To see this, consider a dense stream of electrons with a line charge density $\lambda$ [charge per length] with a parallel speed $v$ such that the current is $I=\lambda v$. The magnetic field $B$ and the electric field $E$ a distance $r$ away from this infinite line current is

$$ B = \frac{\mu_0 I}{2\pi r}$$ $$ E = \frac{\lambda}{2\pi\epsilon_0 r}$$

As you state, the attractive magnetic force $f_B$ per length between the streams is

$$ f_B = B I = \frac{\mu_0 (\lambda v)^2}{2\pi r} $$

At the same time, the repellant electric force $f_E$ per length between the streams is

$$ f_E = E\lambda = \frac{\lambda^2}{2\pi\epsilon_0 r}$$

The total force per length is therefore (attractive positive, repellant negative)
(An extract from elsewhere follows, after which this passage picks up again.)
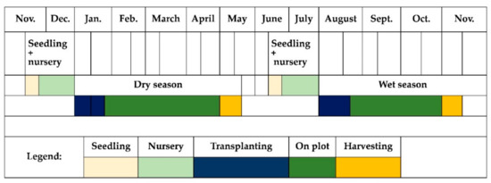 Double-cropping calendar for rice in the middle Niger valley (adapted from [20]).

$$ f_\mathrm{total}= f_B-f_E = -\frac{\lambda^2}{2\pi \epsilon_0 r^2}\Big(1-\frac{v^2}{c^2}\Big) $$

where $c=\frac{1}{\sqrt{\mu_0 \epsilon_0}}$ is the speed of light. In a relativistic calculation, one should replace $\lambda\rightarrow \frac{\lambda_0}{\sqrt{1-\frac{v^2}{c^2}}}$, due to the Lorentz contraction where $\lambda_0$ is the proper line charge density measured in the coordinate system where the electrons are at rest. The total force per length $l$ between the streams is therefore the same in all inertial frames,

$$ f_\mathrm{total} = -\frac{\lambda_0^2}{2\pi \epsilon_0 r^2} =- (f_E)_0/l$$

where $(f_E)_0/l$ is the electric force per length between the streams measured in the coordinate system where the electrons are at rest.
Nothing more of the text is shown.